The drop off in the sponsorship market has not stopped some clubs attracting large sponsorship deals, and stadium naming rights deals (one of which is under scrutiny by UEFA). The problem, of course, is that there are many 'have not's' throughout the Football League (and indeed the Premier League) and there is little doubt that football remains propped up by the broadcasting revenues. As a business model, this is unworkable, but then football is not your typical business model.

Perhaps the most revealing statistic is that there is a strong correlation between wage spends and the position clubs finish in the league: with this being the case, the desire for success will continue to outstrip the need to be financially sustainable. For some clubs, particularly those with wealthy benefactors, that does not pose an immediate problem. For others, the scenario can be very different.

The following key points from this summer's Annual Review of Football Finance by Deloitte are of interest and worth noting:


  • The European Football Market grew by 40% to EUR16.3billion, with broadcasting revenue labelled as the biggest revenue driver (up 8% to EUR4billion);
  • The Premier League had the highest revenue in Europe (EUR2.5billion), followed by the Bundesliga (EUR1.7billion);
  • La Liga revenues grew by 8% to just over EUR1.6billion.

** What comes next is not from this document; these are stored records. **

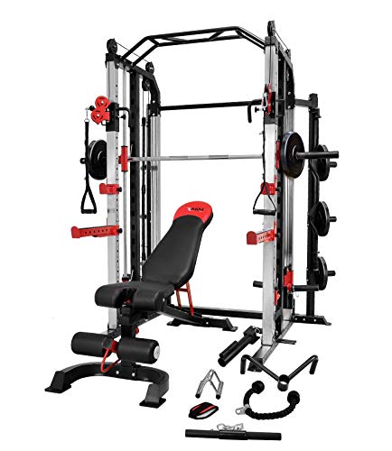 UPGRADED WEIGHT BENCH: Our all-in-one weight bench is a superb choice for full-body workouts at home to shape your abs, back, chest, glutes, arms, hamstrings, and core. Combines the features of a glute bridge, adjustable weight bench, abdominal board, and preacher curl. Includes two exercise bands for resistance training.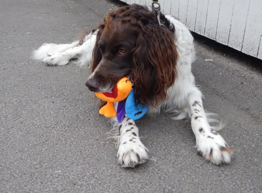 Visst blev det något köpt, Bachus valde en ank/pappegoja som pep lite. Han bar den stolt i munnen genom sin promenad i staden. Kan säga att det var många som drog på munnen eller skrattade när de såg det.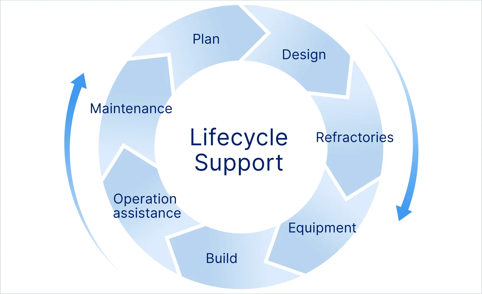 We offer tailored solutions for every stage of the furnace lifecycle—Design, Building, Operation Assistance, and Maintenance—meeting customer requirements at each phase.

Interestingly, much of this revenue is down to the collective revenue of two clubs: Real Madrid and Barcelona;
  • The Revenue of Serie A increased by 3%, to EUR1.5 billion, leaving it in 4th place of the 'big four' leagues. Ligue 1 is in distant 5th place (revenue of EUR1.072billion);
  • Only the Premier League and the Bundesliga reported operating profits, with the Bundesliga generating the highest profits (EUR138million), and the Premier League generating EUR101million.

It will be interesting to see what the much needed, and much heralded, intervention by UEFA in the form the Financial Fair Play Regulations, will have on these figures over the coming 24 months.


  • Total revenues of the 92 league clubs grew by 5% to almost £2.7billion;
  • As stated above, Premier League revenues increased by 2% to exceed £2billion for the first time
  • Premier League broadcasting revenues increased by 7%, to become the first £1billion broadcasting revenue stream in any domestic football league;
  • Premier League clubs' commercial revenues increased by 6%, to £459million.
  • Match day revenues fell by 7%;
  • Championship clubs' revenues increased by 9%, to exceed £400million for the first time;
  • There was a small improvement in Premier League operating profits (to £83million);
  • Premiership losses increased to £445million, which is record low;
  • Championship clubs' operating results also worsened, for the 6th consecutive year to £133million;

Wages and transfers

  • For the second consecutive year, Premier League clubs' total wages outstripped revenue growth;
  • Chelsea expended the most on wages (£174m), followed by Manchester City (£133m) and Manchester United (£132m);
  • Only West Ham and Wigan reported deductions in wage spend;
  • There was a correlation between wage spend and league position;
  • Championship clubs' wages grew by 6% to £357million
  • Total agents fees paid by the Premier League and Football League clubs remained at £80million, representing 13% of the top 92 clubs' gross transfer expenditure.